Will the Entertainment Capital of the World Compete With the Icon of the Seas?
The world’s largest cruise ship, the “Icon of the Seas” of the Royal Caribbean Group, will be based in Miami in 2024 when it makes its maiden voyage to Caribbean islands and other ports. It is registered in Liberia with other Royal Caribbean cruise ships so it can avoid millions in U.S. taxes.
It is undergoing sea trials now. It is the largest ship in the world at 1198 feet and a gross tonnage weight of 250,800. It is bigger and taller than our biggest and tallest Navy aircraft carrier.
For attractive starters it has 20 decks, 20 bars and restaurants, seven swimming pools, nine whirlpools, six water slides, a mini golf course, a rock-climbing wall, and an arcade. It is designed to carry 5,610 guests and a crew of 2,350. I just had a flash. I was raised on a farm four miles from Little Falls, Minnesota which had a population of about 8,000, mostly German, French, and Polish. The ship, built in the happiest country in the world, Finland, is already sold out for the first cruise.
I wonder what will happen if Florida is in a heat crisis when the temperature is 115-120 F and it is trying to board guests on the Icon of the Seas.

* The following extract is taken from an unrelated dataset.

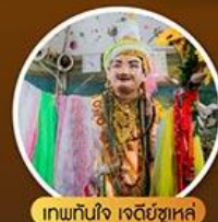
เทพทันใจ เจดีย์ชเวด
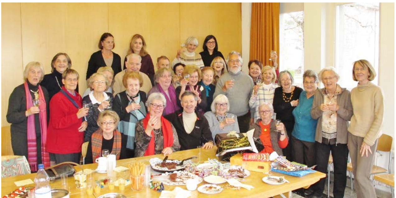
Un anniversaire fêté lors de l'accueil café, décembre 2015

Durant ces quatre dernières années, de nombreux événements et projets ont été menés à bien, dont ceux illustrés ci-dessous. L'Écho du Riolet en fait partie ; cette feuille d'information réalisée par les habitants et diffusée avec le soutien de la Ville transmet régulièrement des renseignements sur les activités proposées et sur celles d'autres organismes du quartier. Par ailleurs, le nom choisi pour l'association est une belle métaphore quant à son fonctionnement : le groupe habitants, principal organe décisionnel, fonctionne de manière harmonieuse tout en étant constitué d'une vingtaine de personnalités particulières.

Will the crew pass out gloves to all passengers so they can touch metal and not be burned?
Will the dock be covered with a white roof to reduce the sun’s heat? Maybe all passengers should board at night between 10 PM and 2 AM. If the ocean is at 92.5 F, won’t it heat the entire ship too much while docked? How do you keep seven swimming pools cool? Why not advertise them as huge hot tubs? I kept ours at 104 F.
A lot of questions about climate change need to be answered soon. In 1988 climate scientist James Hansen testified before Congress that the world was moving to temperatures that would be higher than at any point over the past million years which would bring stronger storms, constant heat waves, and droughts. Gee, could he have been right?